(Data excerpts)
* * * * *

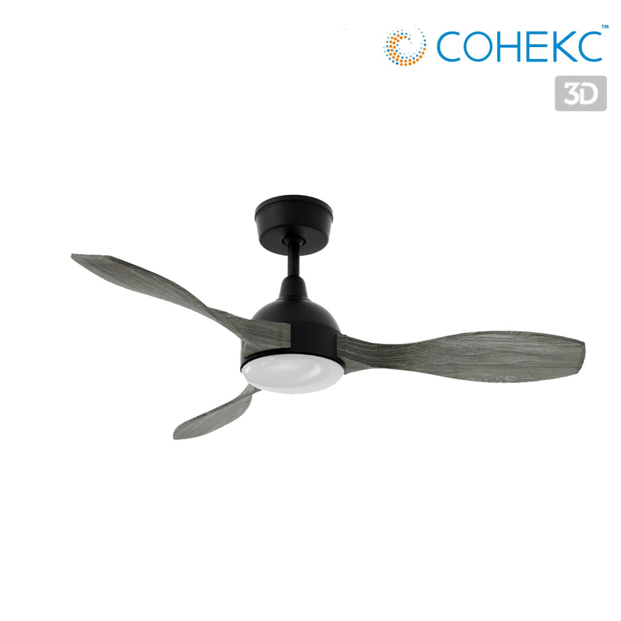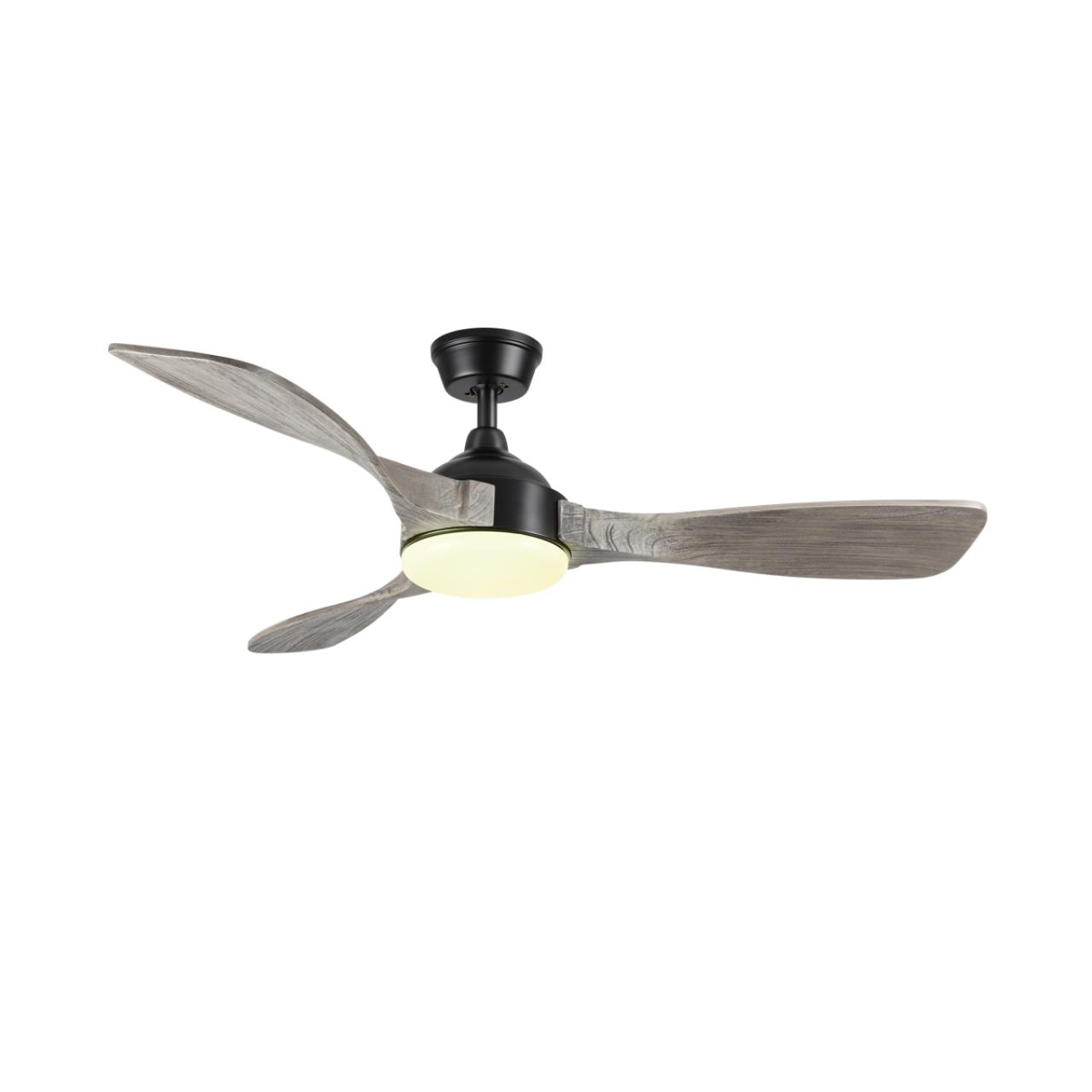 Светильник-вентилятор выполнен в стиле модерн, что делает его универсальным решением для современных интерьеров. Цветовое решение представлено комбинацией черной матовой арматуры и трех лопастей из массива дерева серого цвета. Центральную часть украшает круглый матовый плафон из акрила белого цвета, создающий мягкое и приятное освещение.
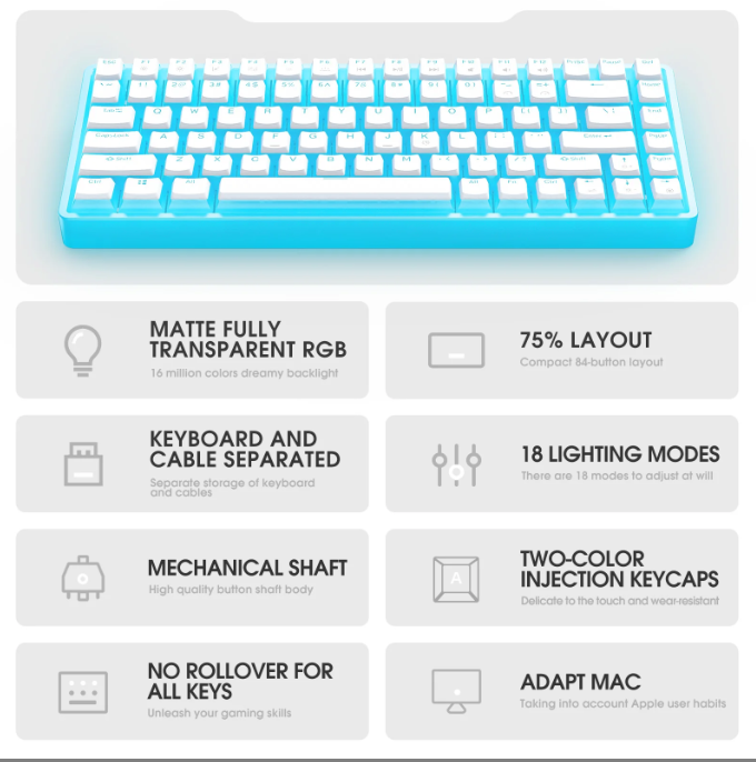 Key lifespan: 50 million times Light effect: 18 modes (FN+INS switching) Mode: Supports 5 fixed game modes Key illuminated
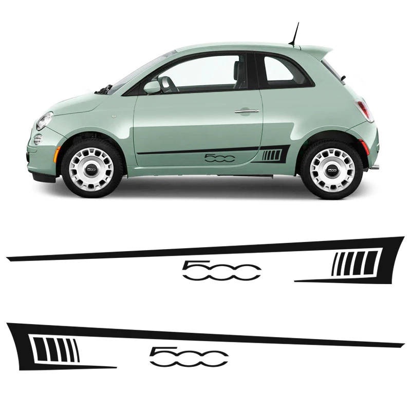 Kit Faixa Lateral Fiat 500 Sport Adesivo Preto Personalizado Decorativo p/ Portas
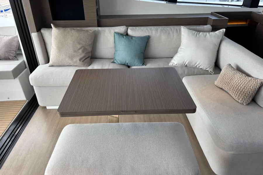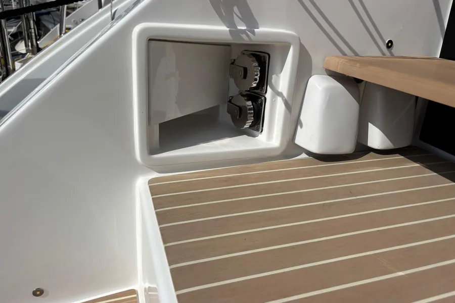 Composite teak decking (Colour – Bleached with White Caulking): aft cockpit, fwd cockpit, helm platform, transom steps and coachroof lounge and lifting platform
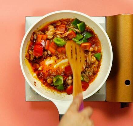 加入豆瓣酱,生抽,料酒,白砂糖,翻炒均匀。

* * * * *

Aim of the task>
What is needed is a word-for-word repeat of every line from the line with "Kit Faixa Lateral" to the end of the entries above; leave out the pictures.

Response area>
 Kit Faixa Lateral Fiat 500 Sport Adesivo Preto Personalizado Decorativo p/ Portas
 Composite teak decking (Colour – Bleached with White Caulking): aft cockpit, fwd cockpit, helm platform, transom steps and coachroof lounge and lifting platform
 加入豆瓣酱,生抽,料酒,白砂糖,翻炒均匀。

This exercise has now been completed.